Momentum Eqn. Homework Problem:

[UFeng]

I posted this in the advanced forum by mistake so I'm am posting it here as I think it may be more appropriate in this forum.

Homework Statement

A motor boat is speeding at velocity W0 when the motor is turned off and a scoop is lowered into a still lake. The scoop captures flow with a cross section A. If the initial mass of the boat is M0 and the wave and friction drag are negligible, what is the velocity of the boat as a funtion of time?

Homework Equations

the momentum equation. I'm not sure how to account for the "scoop" though

The Attempt at a Solution

I am using the momentum equation but am not sure how to incorporate the effect of the scoop into it.
Any help would be greatly appreciated!

 

[tiny-tim]

Welcome to PF!

Hi UFeng! Welcome to PF!

(try using the X₂ tag just above the Reply box )

A motor boat is speeding at velocity W0 when the motor is turned off and a scoop is lowered into a still lake. The scoop captures flow with a cross section A. If the initial mass of the boat is M0 and the wave and friction drag are negligible, what is the velocity of the boat as a funtion of time?
…
I am using the momentum equation but am not sure how to incorporate the effect of the scoop into it.

I was totally confused until I saw the words "initial mass" …

clearly, the scoop is collecting all the water that flows into it, and somehow sucks it onto the boat, making the boat heavier.

So you need two equations: one to tell you how much heavier the boat is getting each second, and a conservation of momentum equation (remember, the scooped water starts with zero velocity, and ends with the same velocity as the boat).

 

[UFeng]

Oh ok. I think I completely missed the point of the question.
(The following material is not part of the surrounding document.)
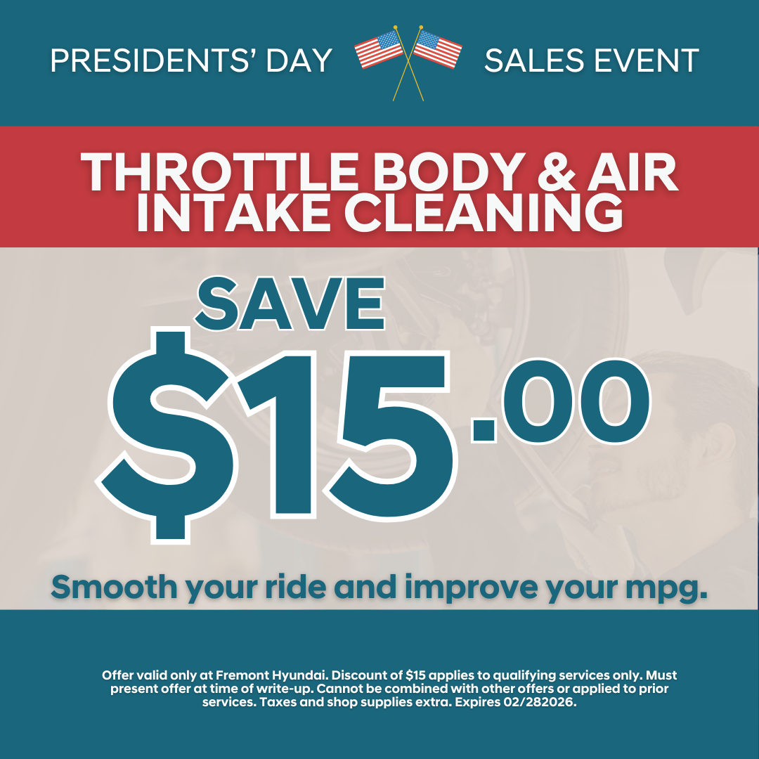 Restore your engine’s breath and performance with $15.00 off a Throttle Body and Air Intake Cleaning Service at Fremont Hyundai. Our specialized cleaning removes carbon deposits and "gunk" from your intake system to eliminate rough idling and sluggish starts.

I was thinking that the scoop was just acting as a "brake," but it makes more sense that it is collecting water and adding weight to the boat.

I'm thinking I'll need the continuity equation to show the flow onto the boat as a function of time. Does this sound right? Then I will need to figure out how this effects the velocity of the boat as a function of time taking into account the added mass I'm not sure exactly how to go about this, but I will work with it and try to figure out how to relate these two equations.
Also I'm not sure what you mean by "remember, the scooped water starts with zero velocity, and ends with the same velocity as the boat." Wouldn't water flow onto the boat at the same velocity that the boat is traveling (starting with velocity W0 and slowing over time until the flow is zero)? Am I missing something?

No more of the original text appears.